Comparison of a \(t\)-distribution and a normal distribution.

The \(t\)-distribution is always centered at zero and has a single parameter: degrees of freedom. The degrees of freedom describes the precise form of the bell-shaped \(t\)-distribution. In general, we’ll use a \(t\)-distribution with \(df = n - 1\) to model the sample mean when the sample size is \(n\).

The t-distribution (2/2)

The larger the degrees of freedom the more closely the $t$-distribution resembles the standard normal distribution.

The larger the degrees of freedom the more closely the \(t\)-distribution resembles the standard normal distribution.

Case Study I: Mercury content in Risso’s dolphins

We will identify a confidence interval for the average mercury content in dolphin muscle using a sample of 19 Risso’s dolphins from the Taiji area in Japan.

Summary of mercury content in the muscle of 19 Risso’s dolphins from the Taiji area. Measurements are in micrograms of mercury per wet gram of muscle \((\mu\)g/wet g).
n Mean SD Min Max
19 4.4 2.3 1.7 9.2

Are the independence and normality conditions satisfied for this dataset?

Case Study I: One-sample t-interval (1/2)

One-sample t-intervals

\[ \begin{aligned} \text{point estimate} \ &\pm\ t^*_{df} \times SE \\ \bar{x} \ &\pm\ t^*_{df} \times \frac{s}{\sqrt{n}} \end{aligned} \]

Using R to find the critical \(t^*\) with \(df=18\)

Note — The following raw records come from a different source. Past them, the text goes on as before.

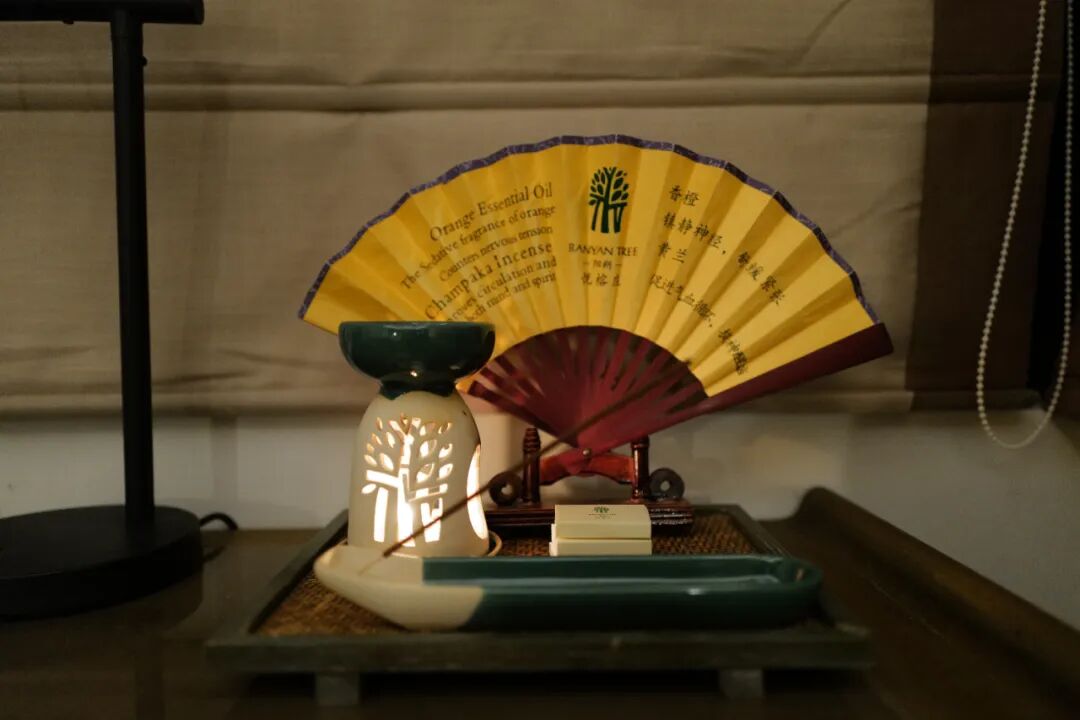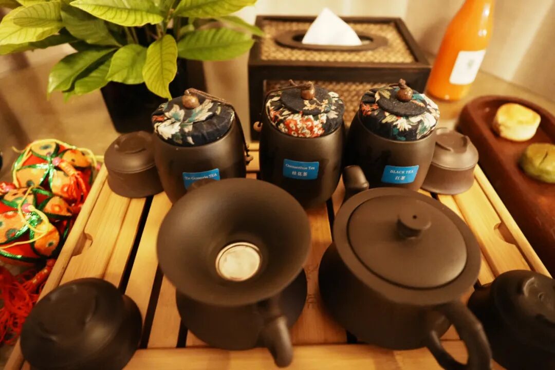 迷你吧照例有丰富多姿的茶叶品类和冲泡器具,香薰桌上照样有满载精油的香薰炉和每日更替香枝的香薰盘。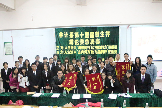 11月30日晚,会计系在A109举行新生杯辩论赛总决赛,会计系团委书记蓝乐钿、学院及各系辩论队队长、学院学生会、会计系三大学生机构干部观看了比赛。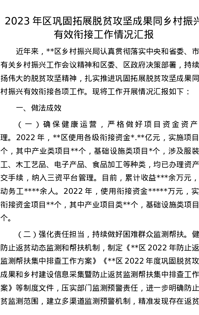 2023年区巩固拓展脱贫攻坚成果同乡村振兴有效衔接工作情况汇报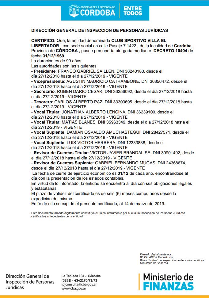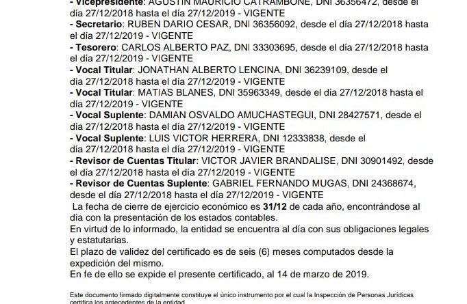 La Dirección General de Inspección de Personas Jurídicas expidió el 14 de marzo pasado el certificado validando a la nueva comisión presidida por Saillén y certificando que “la institución se encuentra al día con sus obligaciones legales y estatutarias”, entre ellas “la presentación de estados contables” adeudados.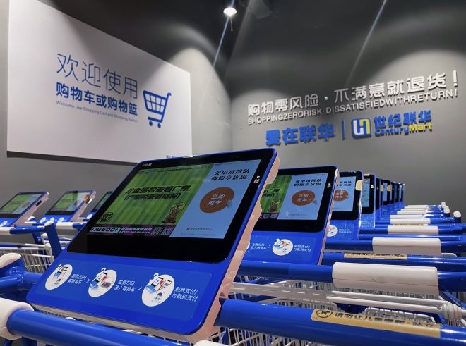 另外,值得一提的是,該店也是全國第二家、義烏首家全店使用智能購物車的大型商超,智能購物車設(shè)有智慧屏、重量感知、圖像識別等多種傳感器,可以實現(xiàn)智能導(dǎo)航、智能導(dǎo)購、自助結(jié)算、人臉識別、精準(zhǔn)推送優(yōu)惠券等多項數(shù)字化購物體驗。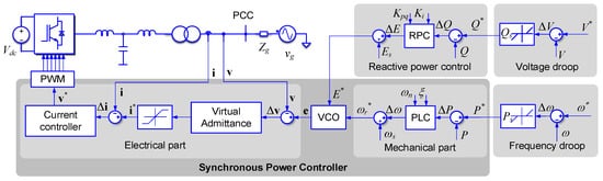 Figure 1 shows the cascaded control layers of the SPC-based grid-connected converters. The SPC mainly consists of the electrical part and the mechanical part, corresponding to the electrical and mechanical part of the synchronous generators.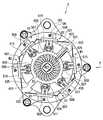 このように、径方向外側から径方向内側へ向かって、ヒートシンク611及び、半導体モジュール501~506、コンデンサ701~706、チョークコイル52が順に配置されている。これにより、径方向の空間が有効に活用されている。In this way, theheat sink 611, thesemiconductor modules 501 to 506, thecapacitors 701 to 706, and thechoke coil 52 are arranged in this order from the radially outer side to the radially inner side. Thereby, the radial space is effectively utilized.
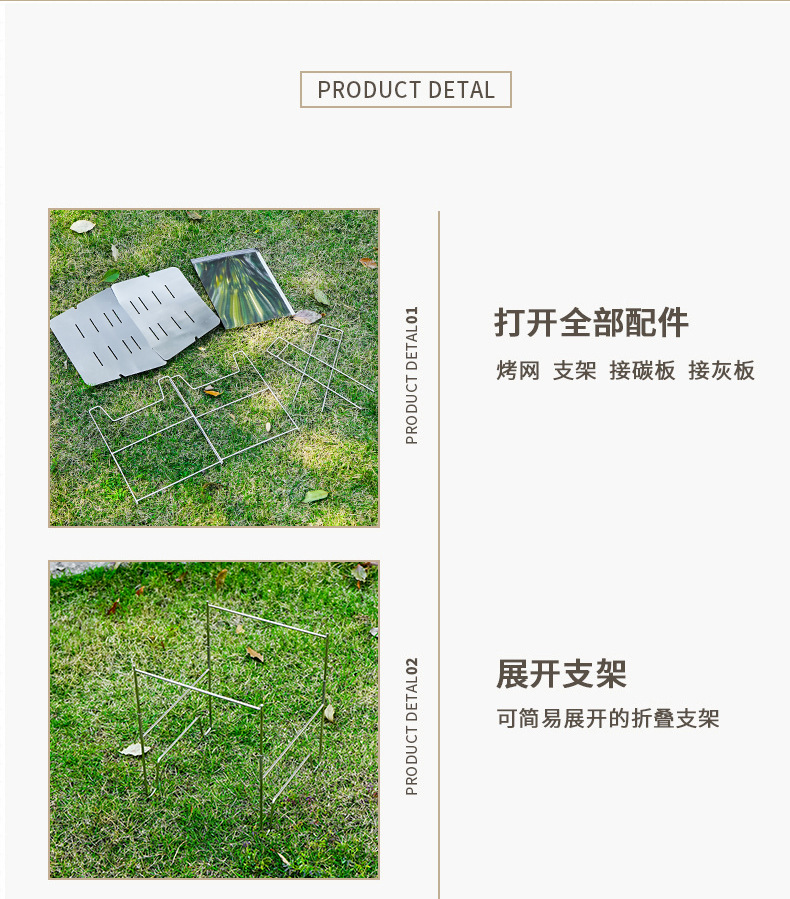 产品构成: 支架 烧烤网 接灰盘 挂钩 收纳包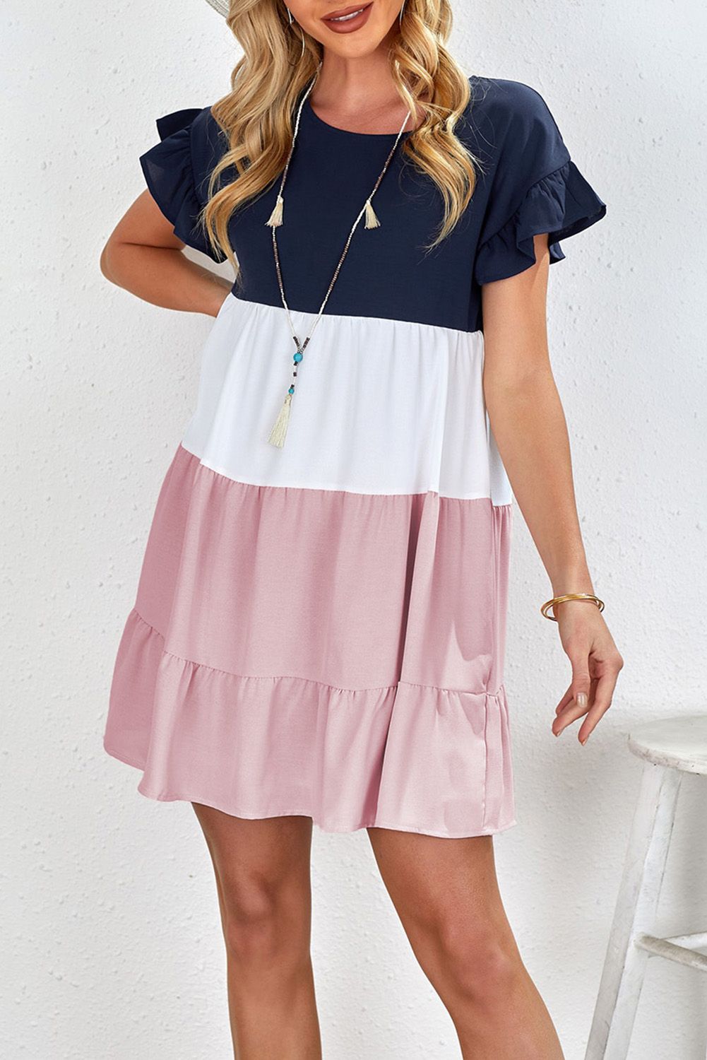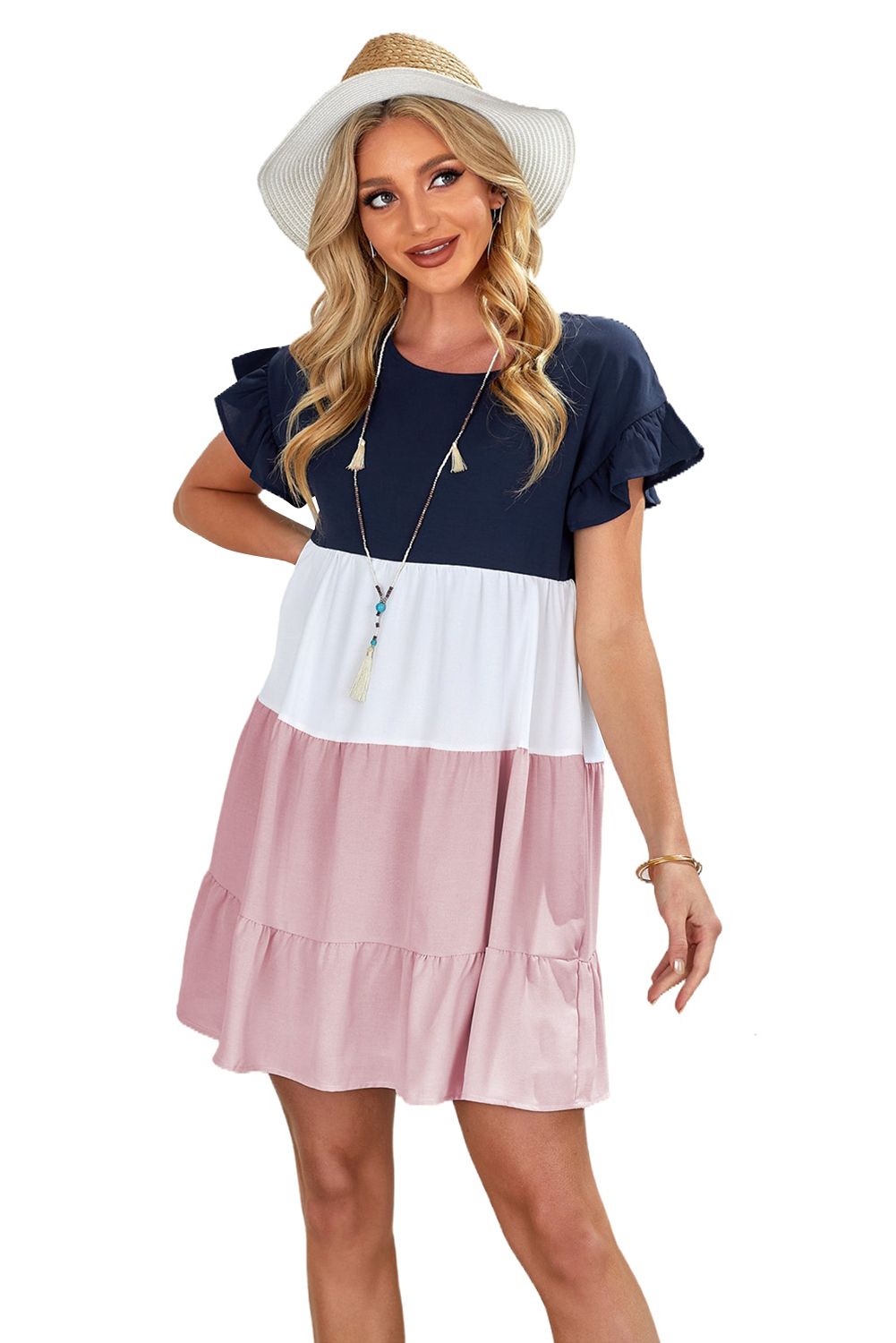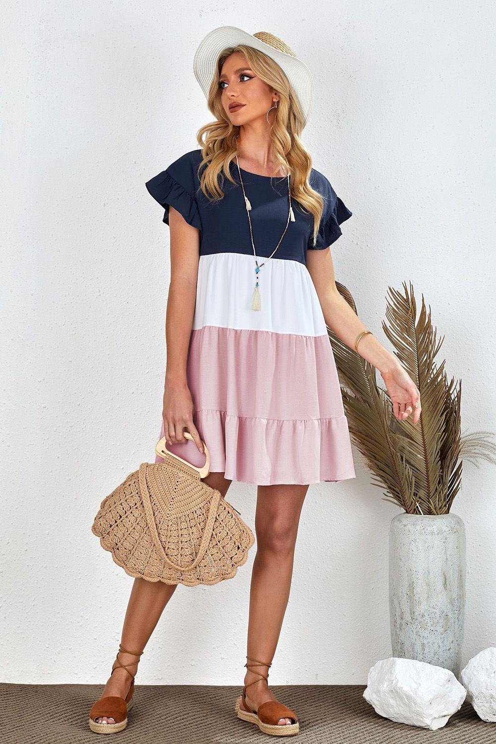 This colorblock tiered dress features ruffled cap sleeves and has a ruffle hemline

cl <- 0.95 # confidence level
lt <- (1-cl)/2 # lower tail probability
df <- 18 # degrees of freedom
qt(lt, df) # t-star
## [1] -2.100922

Case Study I: One-sample t-interval (2/2)

\[ \begin{aligned} \bar{x} \ &\pm\ t^*_{18} \times SE \\ 4.4 \ &\pm\ 2.1009 \times 0.528 \\ 4.4 \ &\pm\ 1.1093 \\ \end{aligned} \] \[(3.29,5.51)\]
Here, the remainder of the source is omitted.